= Voice of Israel =

Internet radio station (2014–2015)

Voice of Israel was a Jerusalem-based private global broadcast network staffed by media professionals with a Zionist and often religious orientation, who saw their mission in pro-Israel advocacy (hasbara) and combating the global pro-Palestinian Boycott, Divestment and Sanctions movement, by addressing the wider Jewish diaspora. It streamed digital news and talk radio between 2014 and 2015, at Voice of Israel | Bringing Israel Closer, from Israel, about Israel, in English. Voice of Israel began broadcasting in July 2014 and was closed down due to lack of money in August 2015. Voice of Israel was listened to in more than 170 countries and gained over 40,000 "likes" on Facebook in less than a year. It was located in the JVP Media Quarter in Jerusalem.

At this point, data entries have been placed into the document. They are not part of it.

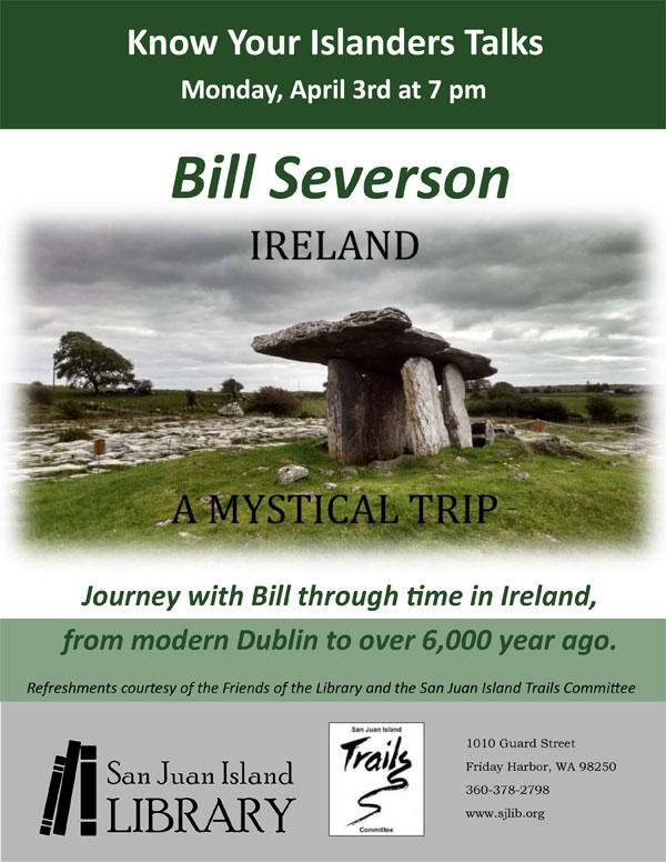 Bill Severson will relive his trip through Ireland’s ages, with Laura Jo, on Monday, April 3 at the San Juan Island Library. In this free event, Bill will discuss Ireland, from modern Dublin to over 6,000 years ago.
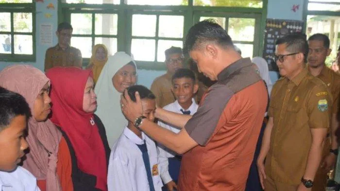 Sengeti – Pj Bupati Muarojambi Bachyuni Deliansyah menyalurkan bantuan Zakat, Infak dan Shadaqah (ZIS) BAZNAS kepada siswa kurang mampu di SMPN 6 Muarojambi, Senin, 5 Februari 2024.
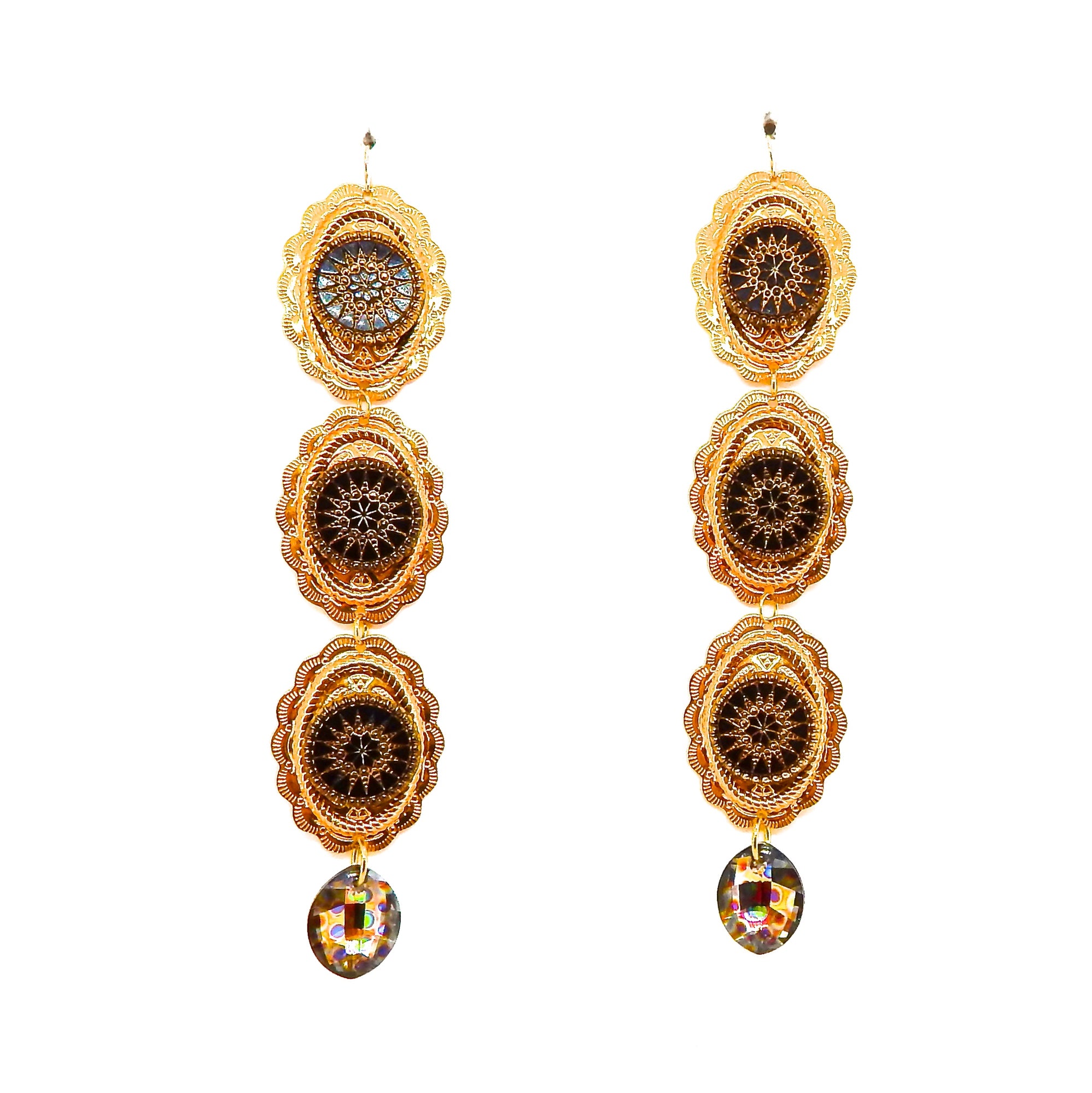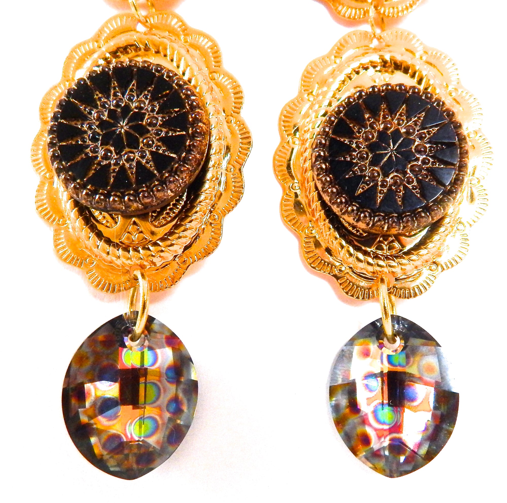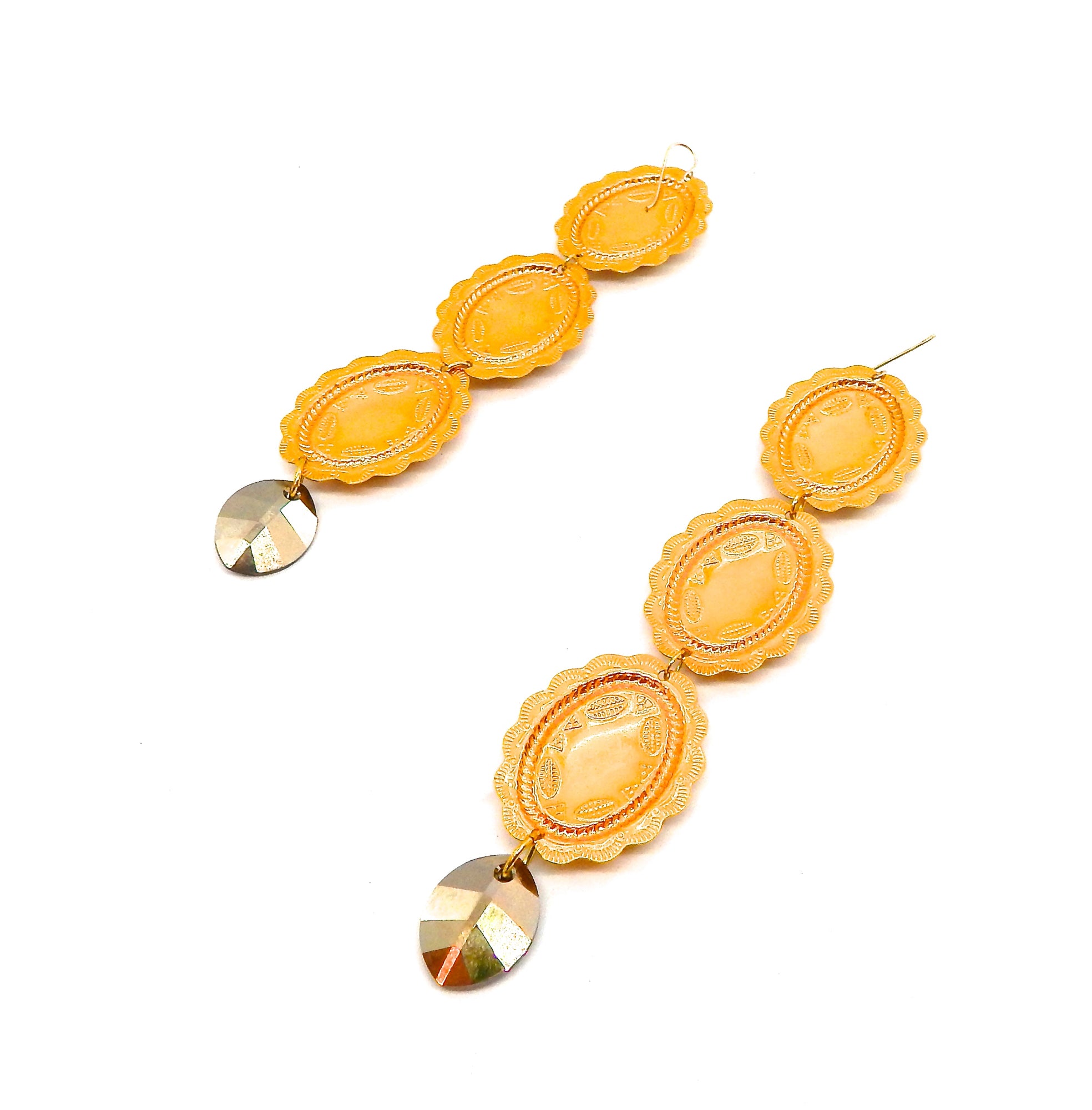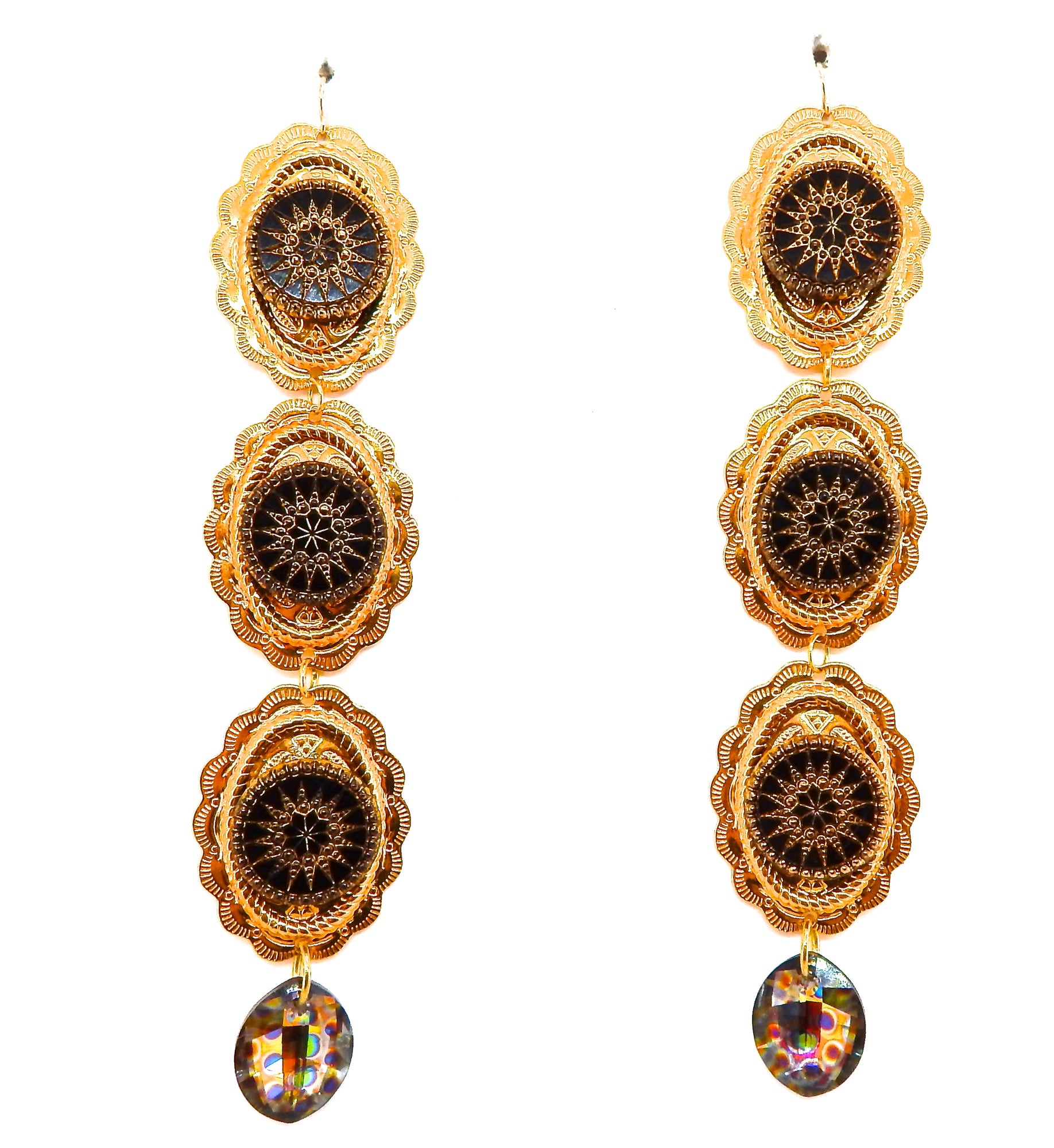 PONDEROSA LONGMIRE GOLDEN PEACOCK CONCHO EARRINGS

"Voice of Israel" is not to be confused with Kol Yisrael (lit. "Voice of Israel" in Hebrew), which is run by the Israel Broadcasting Authority.

==Orientation==
The station had a national Zionist orientation, the self-declared goal being to "reveal the real Israel" as a "Jewish state with great sensitivity to other cultures and peoples" and "fight [its] delegitimization".

The self-professed mission was to 'Bring Israel Closer' to millions of people around the world: To repair the disconnect between Israel and the diaspora: To educate and inform the world on all issues Israel, including politics, defense, religion and culture by providing world-class news, analysis and opinion and feature stories, about Israel, from Israel.

==Notable guests==
Notable guests included: Prime Minister Benjamin Netanyahu, Tzipi Livni – Opposition Leader, Isaac Herzog – Opposition Leader, Baruch Marzel – Israeli far-right activist, formerly of the outlawed Kach party and currently with the Jewish National Front, internationally acclaimed novelist A. B. Yehoshua, Michael Oren – former Israeli ambassador to the US and, as of 2015, a member of the Knesset, Jon Medved – CEO of OurCrowd, Yosef Abramowitz – solar pioneer, CEO of Energia, Ben Carson – US presidential candidate, Brigitte Gabriel – political activist, Rudy Giuliani – former New York mayor, Mike Huckabee – presidential candidate, Bishop Merton Clark – Truth Revealed International, Avi Dichter – former head of Shin Bet and minister of internal security, Moshe Arens – former defense minister and ambassador to US, Tuvia Tenenbom – author of Catch the Jews!, David Parsons – International Christian Embassy Jerusalem, Pastor Jonathan Hanson – World Ministries International, Natan Sharansky – Jewish Agency chairman, Malcolm Hoenlein – executive vice chairman of the Conference of Presidents of Major American Jewish Organizations, Rabbi Shmuley Boteach – influential author, columnist, TV host, and lecturer, Governor Mike Pence – State of Indiana, Jerry Silverman – Jewish Federations of North America (JFNA), CEO, Philip Levine – mayor of Miami Beach, Florida, Dr. Billy Wilson – president of Oral Roberts University.

Talk show hosts from abroad also teamed up with Voice of Israel to broadcast their programs such as Ethan Bearman and Joe Piscopo.

==Staff==
The station was led by Bureau Chief Daniel Seaman, CEO Glen Ladau, and Executive Producer Dan Diker.

Show hosts include: Mottle Wolfe, Daniel Seaman, Josh Hasten, Judy Lash Balint, Eve Harow, Daniela Traub, Glen Ladau, Molly Livingstone, former Member of Knesset Dov Lipman, Melanie Phillips, Gil Hoffman, Ari Abramowitz, Jeremy Gimpel, Dan Diker, Yishai Fleisher, Simcha Gluck

The news team included Mordechai Twersky, Raoul Wootliff and Ernie Singer.